Zu der Waggler-Montage möchte ich für den Anfänger folgendes hinzufügen: Etwa 2/3 des Gewichts sollten direkt am Waggler sitzen (entweder als vorgebleiter Waggler oder in Form von Bleischrot). Das Ziel sollte überworfen werden und vor dem auftreffen auf dem Wasser sollte der Waggler abgebremst werden (am einfachsten mit dem Zeigefinger am Spulenrand) damit sich die Montage streckt wenn sie auf dem Wasser aufschlägt. Dann Rutenspitze unter Wasser und schnell einkurbeln damit die Schnur absinkt.

Gruß Heinz


----------



## Tricast (12. August 2019)

Feeder-Montage: Die Schlaufenmontage ist eine vielverwendete Form auch heute noch. Jedoch genau wie die Seitenarmmontage bietet sie den Fisch keine Möglichkeit  sich von dem Blei zu befreien wenn die Hauptschnur mal reißen sollte (siehe Beitrag von Kochtopf).
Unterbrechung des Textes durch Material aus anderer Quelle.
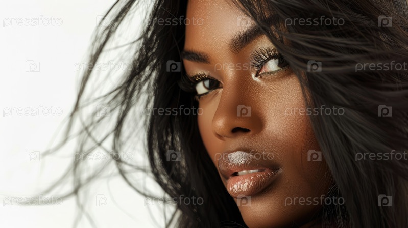 Шелковистые темные волосы в элегантном движении. Студийный портрет
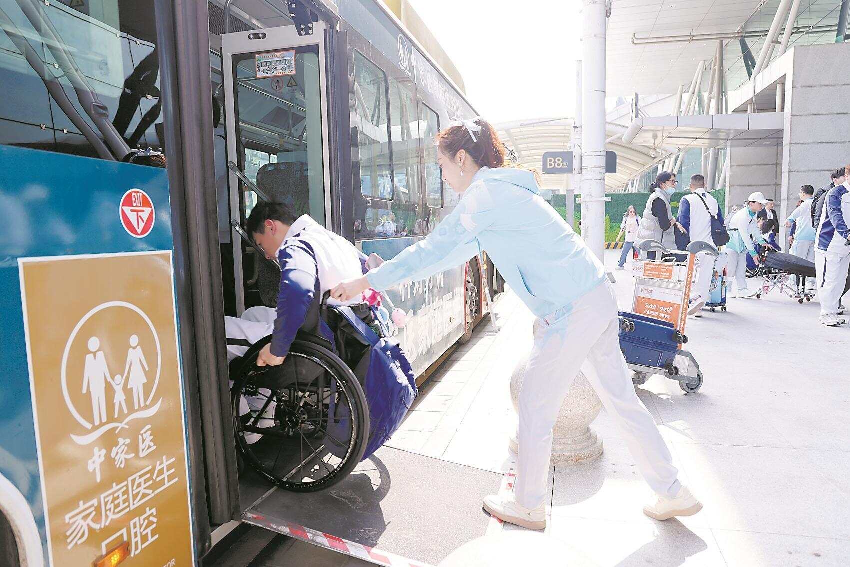 在航班落地后,志愿者提前30分钟抵达飞机廊桥口等候,手举“残特奥会接待”标识牌,为赛会来宾提供“点对点”引导服务。在值机、安检等关键区域开设赛事专属服务设施,保障团队安排专人协助办理托运手续,对使用轮椅或辅助器具的赛会来宾实施人性化检查,最大限度保护赛会来宾的隐私与权益。行李转运过程中,团队成员协助核对行李信息,确保赛会来宾的个人物品和比赛装备完好无损。从机舱门到大巴门的每一段路程,都饱含着团队的耐心陪伴。

Einfache Durchlaufmontagen z.B. auch mit längeren Seitenarm für den Feeder sind eine Alternative.

Gruß Heinz


----------



## Tricast (13. August 2019)

Beim Wagglerangeln: Damit man seinen Angelplatz wiederfindet sollte man die Schnur markern mit einem Edding Fettstift (gibt es im Angelladen oder im Bauhaus). Futterplatz überwerfen. Schnur bis zur Markierung einkurbeln. Dann stimmt die Entfernung wieder und mit etwas Glück (wenn nicht zu weit rechts oder links geworfen wurde) steht der Waggler wieder übern Futterplatz.

Gruß Heinz


----------



## Christian.Siegler (13. August 2019)

der matti schrieb:


> Kinderzeichnung


Gassenhauer! Timo und ich haben die Skizze auch schon gefeiert! Ganz großes Kino hier!!!



Kochtopf schrieb:


> Wieso erscheint der Beitrag nicht im Forum bzw warum finde ich ihn nicht in meiner Übersicht ungelesener Artikel? Hab ihn durch Zufall gefunden


Das liegt daran, dass wir den Beitrag schon etwas länger eingestellt und erst jetzt freigeschaltet haben. Da ploppt der nicht in die aktuelle Themen-Liste. Ist bisschen blöd, wird sich in Zukunft aber verbessern (Stichwort Systemupdate)


----------



## Andal (13. August 2019)

Christian.Siegler schrieb:


> Gassenhauer! Timo und ich haben die Skizze auch schon gefeiert! Ganz großes Kino hier!!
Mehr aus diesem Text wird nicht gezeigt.